__Aim of the exercise__.
Please, from the entries below, transcribe exactly the lines that begin at the line with "洽谈区置放于自然之中,充分利" and end at the line with "V-ringad blus i enfärgad spets temperament", without the pictures.

(Collected data entries)
::::::

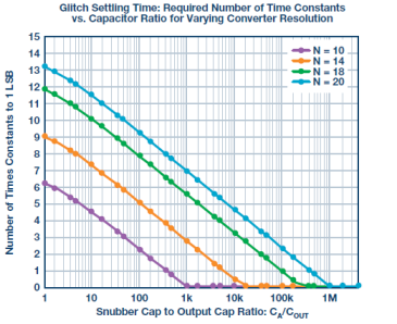 可以看出,CA/COUT值越高,则建立时间越短;电容比非常高时,建立时间甚至接近0。COUT实质上是多路复用器的漏极电容和后续各级的输入电容,因此只有CA保持比较灵活的自由度。对于10位分辨率,要使建立时间为0,CA须比COUT大至少1000倍;对于20位系统,至少要比COUT大1,000,000倍!举例来说,对于10位和20位系统,为使建立时间为0,100 pF的典型负载分别需要100 nF和100μF的缓冲器电容。
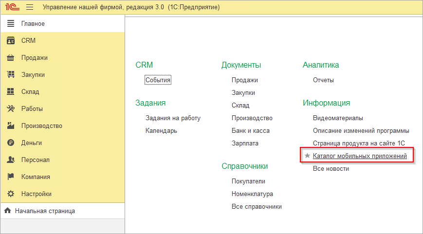 В разделе Главное выберите пункт меню Информация – Каталог мобильных приложений
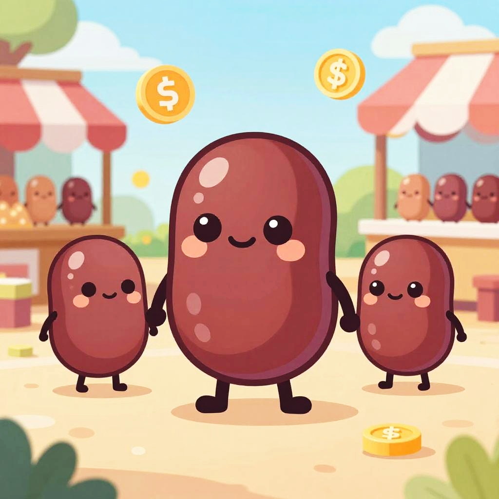Azuki beans NFT design portraying cute anthropomorphic azuki beans characters in a digital marketplace setting, rendered in bright colors with cartoonish charm, surrounded by cryptographic symbols and blockchain motifs to emphasize their collectible nature.
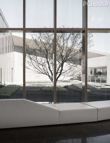 洽谈区置放于自然之中,充分利用建筑空间与光线的关系进行设计。材质与色彩的纯粹性,随着三角形态窗户的扩大,空间对光线的敏感度被发挥到极致,自然的气韵于其中自由穿梭,人们置身其中,感知自然光线的变换、四季的更迭,于一片静谧中,抒发对生命的遥想,唤得身心的舒惬。
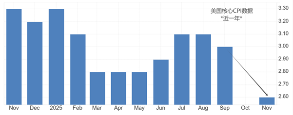 今日21:30,美国劳工统计局将公布12月CPI数据,该数据是美联储研判美国通胀走向的核心依据。10月份和11月份的CPI数据均受到美国政府停摆的影响,12月份是首个不受政府停摆影响的月份,更能揭示美国真实的物价表现。
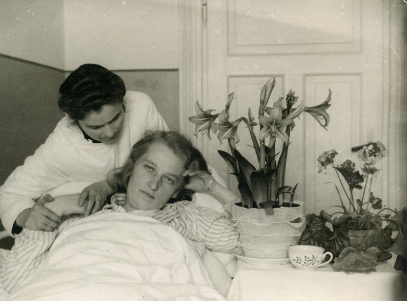 9. V.Šleivytė (dešinėje) ir sirgdama save fotografavo.
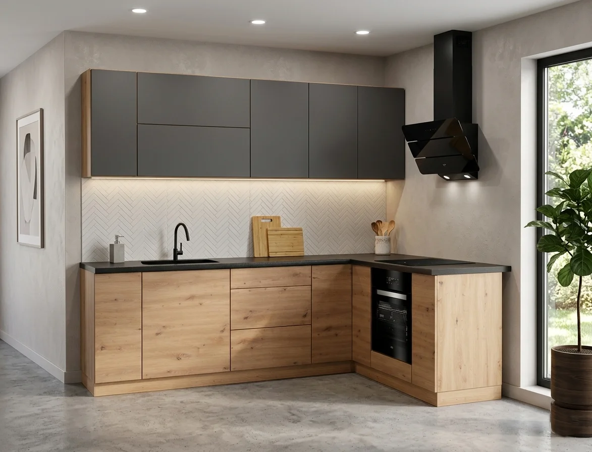 Rohová konfigurácia umožňuje efektívne využitie priestoru aj v kompaktných kuchyniach.
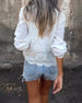 V-ringad blus i enfärgad spets temperament
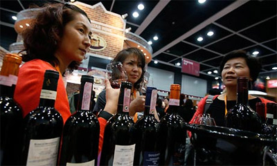 Khách hàng Trung Quốc nếm thử rượu vang châu Âu tại một hội chợ thương mại quốc tế. Ảnh: AP.

::::::

__Completed exercise__.
 洽谈区置放于自然之中,充分利用建筑空间与光线的关系进行设计。材质与色彩的纯粹性,随着三角形态窗户的扩大,空间对光线的敏感度被发挥到极致,自然的气韵于其中自由穿梭,人们置身其中,感知自然光线的变换、四季的更迭,于一片静谧中,抒发对生命的遥想,唤得身心的舒惬。
 今日21:30,美国劳工统计局将公布12月CPI数据,该数据是美联储研判美国通胀走向的核心依据。10月份和11月份的CPI数据均受到美国政府停摆的影响,12月份是首个不受政府停摆影响的月份,更能揭示美国真实的物价表现。
 9. V.Šleivytė (dešinėje) ir sirgdama save fotografavo.
 Rohová konfigurácia umožňuje efektívne využitie priestoru aj v kompaktných kuchyniach.
 V-ringad blus i enfärgad spets temperament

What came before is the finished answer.